• [DIRECTIONS FOR THIS TASK]: Print the line containing "Louis Marx Metal" and every later line of the records. Keep each one exactly as given, ending with the last.

• [SUPPLIED MATERIAL]:
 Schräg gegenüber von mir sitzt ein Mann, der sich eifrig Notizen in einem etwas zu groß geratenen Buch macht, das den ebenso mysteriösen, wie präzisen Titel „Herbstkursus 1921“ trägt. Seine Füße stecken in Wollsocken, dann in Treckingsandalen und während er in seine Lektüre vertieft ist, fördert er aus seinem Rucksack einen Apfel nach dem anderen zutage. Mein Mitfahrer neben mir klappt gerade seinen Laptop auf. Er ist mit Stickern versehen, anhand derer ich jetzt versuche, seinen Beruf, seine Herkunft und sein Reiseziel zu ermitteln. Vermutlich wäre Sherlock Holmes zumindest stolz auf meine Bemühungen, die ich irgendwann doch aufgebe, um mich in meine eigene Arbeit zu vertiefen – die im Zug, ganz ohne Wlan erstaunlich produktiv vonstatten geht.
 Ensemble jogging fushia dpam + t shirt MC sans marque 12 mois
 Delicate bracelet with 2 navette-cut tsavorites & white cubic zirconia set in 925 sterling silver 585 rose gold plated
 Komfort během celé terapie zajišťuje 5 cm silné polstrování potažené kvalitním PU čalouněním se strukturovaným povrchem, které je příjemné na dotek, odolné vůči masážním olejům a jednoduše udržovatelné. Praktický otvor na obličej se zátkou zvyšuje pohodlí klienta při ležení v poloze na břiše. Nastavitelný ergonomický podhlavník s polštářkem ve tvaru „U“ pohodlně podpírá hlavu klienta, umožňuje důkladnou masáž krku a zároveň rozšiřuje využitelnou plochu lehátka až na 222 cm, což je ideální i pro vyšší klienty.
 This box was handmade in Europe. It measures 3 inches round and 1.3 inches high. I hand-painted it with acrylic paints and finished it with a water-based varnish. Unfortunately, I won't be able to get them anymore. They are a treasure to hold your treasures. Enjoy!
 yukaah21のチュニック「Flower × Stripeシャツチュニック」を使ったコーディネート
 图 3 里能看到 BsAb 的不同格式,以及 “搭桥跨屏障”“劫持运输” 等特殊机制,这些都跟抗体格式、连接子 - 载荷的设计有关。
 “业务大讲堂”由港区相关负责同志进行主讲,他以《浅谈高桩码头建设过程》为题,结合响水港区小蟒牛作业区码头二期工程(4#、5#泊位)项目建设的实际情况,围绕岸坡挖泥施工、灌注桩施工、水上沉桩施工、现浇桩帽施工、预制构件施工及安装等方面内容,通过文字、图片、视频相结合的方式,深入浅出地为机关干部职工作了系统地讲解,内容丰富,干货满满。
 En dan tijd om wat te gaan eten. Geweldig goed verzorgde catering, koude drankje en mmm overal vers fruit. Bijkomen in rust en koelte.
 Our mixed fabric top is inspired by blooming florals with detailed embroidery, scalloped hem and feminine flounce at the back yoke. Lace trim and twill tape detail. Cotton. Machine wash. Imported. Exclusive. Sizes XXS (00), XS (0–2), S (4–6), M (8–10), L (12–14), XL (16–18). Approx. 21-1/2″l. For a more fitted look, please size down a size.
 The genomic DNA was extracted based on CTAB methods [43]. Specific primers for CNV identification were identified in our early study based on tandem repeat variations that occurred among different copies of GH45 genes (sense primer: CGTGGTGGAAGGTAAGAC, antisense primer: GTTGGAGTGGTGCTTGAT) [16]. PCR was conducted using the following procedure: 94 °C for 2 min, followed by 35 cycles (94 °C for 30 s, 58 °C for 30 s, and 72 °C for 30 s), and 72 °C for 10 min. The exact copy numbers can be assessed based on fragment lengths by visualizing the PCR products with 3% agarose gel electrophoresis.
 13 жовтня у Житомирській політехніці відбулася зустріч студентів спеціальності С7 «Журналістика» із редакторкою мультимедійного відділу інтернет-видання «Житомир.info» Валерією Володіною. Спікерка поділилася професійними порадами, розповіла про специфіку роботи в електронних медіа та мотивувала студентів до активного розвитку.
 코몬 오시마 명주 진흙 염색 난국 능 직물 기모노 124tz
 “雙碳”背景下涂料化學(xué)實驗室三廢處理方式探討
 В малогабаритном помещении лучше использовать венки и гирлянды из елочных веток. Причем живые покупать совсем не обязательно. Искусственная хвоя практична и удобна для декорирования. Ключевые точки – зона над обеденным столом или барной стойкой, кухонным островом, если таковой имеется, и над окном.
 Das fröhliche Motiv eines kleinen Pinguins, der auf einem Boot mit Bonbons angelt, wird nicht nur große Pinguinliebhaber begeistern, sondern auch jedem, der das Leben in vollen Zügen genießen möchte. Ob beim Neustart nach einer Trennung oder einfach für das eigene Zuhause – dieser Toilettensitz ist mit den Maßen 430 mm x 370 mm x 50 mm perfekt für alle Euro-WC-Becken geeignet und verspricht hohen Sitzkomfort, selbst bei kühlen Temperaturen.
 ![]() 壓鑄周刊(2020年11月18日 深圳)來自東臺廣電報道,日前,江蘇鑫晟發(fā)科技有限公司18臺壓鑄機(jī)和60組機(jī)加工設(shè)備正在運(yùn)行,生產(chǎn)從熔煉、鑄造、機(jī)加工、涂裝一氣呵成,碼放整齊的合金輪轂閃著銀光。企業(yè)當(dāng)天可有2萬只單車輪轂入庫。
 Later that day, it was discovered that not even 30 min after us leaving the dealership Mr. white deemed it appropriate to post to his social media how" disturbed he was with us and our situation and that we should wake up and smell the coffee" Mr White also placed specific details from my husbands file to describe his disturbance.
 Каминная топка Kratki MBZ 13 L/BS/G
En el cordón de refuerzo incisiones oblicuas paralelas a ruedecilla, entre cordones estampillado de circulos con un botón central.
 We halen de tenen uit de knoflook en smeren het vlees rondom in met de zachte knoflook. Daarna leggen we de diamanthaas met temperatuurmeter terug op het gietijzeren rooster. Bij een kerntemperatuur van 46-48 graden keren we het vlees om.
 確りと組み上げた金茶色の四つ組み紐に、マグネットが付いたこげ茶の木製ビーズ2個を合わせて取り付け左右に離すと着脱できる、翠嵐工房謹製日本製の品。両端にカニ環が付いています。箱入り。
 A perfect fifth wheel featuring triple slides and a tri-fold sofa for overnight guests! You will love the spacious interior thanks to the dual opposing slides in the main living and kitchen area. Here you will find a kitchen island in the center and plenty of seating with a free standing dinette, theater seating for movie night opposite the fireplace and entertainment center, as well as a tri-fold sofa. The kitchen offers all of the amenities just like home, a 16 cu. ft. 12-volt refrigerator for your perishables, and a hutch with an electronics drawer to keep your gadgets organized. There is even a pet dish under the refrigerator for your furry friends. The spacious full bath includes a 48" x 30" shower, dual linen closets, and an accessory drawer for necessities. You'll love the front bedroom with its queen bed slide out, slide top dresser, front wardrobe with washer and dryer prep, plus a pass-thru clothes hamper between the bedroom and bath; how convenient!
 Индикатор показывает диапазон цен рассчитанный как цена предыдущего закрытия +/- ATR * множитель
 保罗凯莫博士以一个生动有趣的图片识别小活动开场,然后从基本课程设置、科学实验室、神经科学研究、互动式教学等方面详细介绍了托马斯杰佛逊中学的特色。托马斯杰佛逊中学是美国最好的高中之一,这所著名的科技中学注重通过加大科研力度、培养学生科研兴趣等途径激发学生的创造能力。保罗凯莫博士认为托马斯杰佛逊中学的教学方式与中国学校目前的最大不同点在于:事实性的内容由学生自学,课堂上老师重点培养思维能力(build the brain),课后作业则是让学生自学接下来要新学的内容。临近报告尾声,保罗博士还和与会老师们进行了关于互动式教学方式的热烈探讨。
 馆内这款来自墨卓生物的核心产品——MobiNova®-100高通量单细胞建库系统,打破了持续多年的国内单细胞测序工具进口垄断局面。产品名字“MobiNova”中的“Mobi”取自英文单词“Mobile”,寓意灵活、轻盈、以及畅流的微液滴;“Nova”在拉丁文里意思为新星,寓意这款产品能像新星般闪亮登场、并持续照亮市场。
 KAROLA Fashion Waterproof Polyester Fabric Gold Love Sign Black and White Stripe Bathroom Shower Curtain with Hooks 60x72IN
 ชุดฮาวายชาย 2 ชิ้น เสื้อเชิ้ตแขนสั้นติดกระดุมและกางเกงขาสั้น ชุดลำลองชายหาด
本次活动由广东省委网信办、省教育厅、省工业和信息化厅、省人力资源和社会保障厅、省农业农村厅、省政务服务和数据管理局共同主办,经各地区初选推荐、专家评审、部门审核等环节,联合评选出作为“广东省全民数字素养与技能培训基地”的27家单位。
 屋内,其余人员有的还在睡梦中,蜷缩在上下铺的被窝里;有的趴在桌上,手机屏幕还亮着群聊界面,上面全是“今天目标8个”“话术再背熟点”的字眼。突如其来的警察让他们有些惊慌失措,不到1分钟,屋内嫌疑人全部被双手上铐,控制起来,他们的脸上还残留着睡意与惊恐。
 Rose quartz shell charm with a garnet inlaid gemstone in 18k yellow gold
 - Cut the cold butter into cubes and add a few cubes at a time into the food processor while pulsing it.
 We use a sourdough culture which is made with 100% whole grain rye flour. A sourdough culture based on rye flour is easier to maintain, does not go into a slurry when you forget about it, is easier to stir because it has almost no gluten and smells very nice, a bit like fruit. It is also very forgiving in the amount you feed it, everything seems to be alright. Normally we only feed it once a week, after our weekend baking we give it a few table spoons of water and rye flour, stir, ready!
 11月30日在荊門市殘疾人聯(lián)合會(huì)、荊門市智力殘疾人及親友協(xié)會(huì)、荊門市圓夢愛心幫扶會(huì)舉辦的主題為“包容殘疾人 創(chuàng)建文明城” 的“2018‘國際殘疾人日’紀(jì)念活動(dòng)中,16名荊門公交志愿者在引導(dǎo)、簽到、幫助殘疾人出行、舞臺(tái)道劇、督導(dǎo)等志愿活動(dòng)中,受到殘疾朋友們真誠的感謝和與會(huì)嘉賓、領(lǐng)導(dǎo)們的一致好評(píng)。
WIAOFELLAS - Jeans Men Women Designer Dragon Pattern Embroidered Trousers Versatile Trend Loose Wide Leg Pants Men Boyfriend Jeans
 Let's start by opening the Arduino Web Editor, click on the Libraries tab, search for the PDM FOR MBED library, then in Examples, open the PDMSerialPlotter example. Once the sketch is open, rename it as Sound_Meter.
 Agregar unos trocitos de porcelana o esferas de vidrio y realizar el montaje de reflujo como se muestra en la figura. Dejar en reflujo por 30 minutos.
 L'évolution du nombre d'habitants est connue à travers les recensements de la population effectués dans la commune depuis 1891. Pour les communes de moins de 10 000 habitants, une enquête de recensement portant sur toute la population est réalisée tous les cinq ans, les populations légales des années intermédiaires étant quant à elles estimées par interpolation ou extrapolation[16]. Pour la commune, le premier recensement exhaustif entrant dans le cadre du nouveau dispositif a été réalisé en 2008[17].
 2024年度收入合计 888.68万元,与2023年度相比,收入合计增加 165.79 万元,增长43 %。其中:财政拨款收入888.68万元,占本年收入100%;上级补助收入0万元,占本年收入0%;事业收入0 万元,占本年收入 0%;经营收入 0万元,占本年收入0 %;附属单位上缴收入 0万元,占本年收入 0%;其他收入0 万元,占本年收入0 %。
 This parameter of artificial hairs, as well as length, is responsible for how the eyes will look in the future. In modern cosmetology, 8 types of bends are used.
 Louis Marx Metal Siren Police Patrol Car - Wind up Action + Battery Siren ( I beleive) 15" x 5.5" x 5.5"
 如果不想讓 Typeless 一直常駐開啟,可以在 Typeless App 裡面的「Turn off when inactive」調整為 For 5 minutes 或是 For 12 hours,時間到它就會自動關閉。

• [SOLUTION BELOW]:
 Louis Marx Metal Siren Police Patrol Car - Wind up Action + Battery Siren ( I beleive) 15" x 5.5" x 5.5"
 如果不想讓 Typeless 一直常駐開啟,可以在 Typeless App 裡面的「Turn off when inactive」調整為 For 5 minutes 或是 For 12 hours,時間到它就會自動關閉。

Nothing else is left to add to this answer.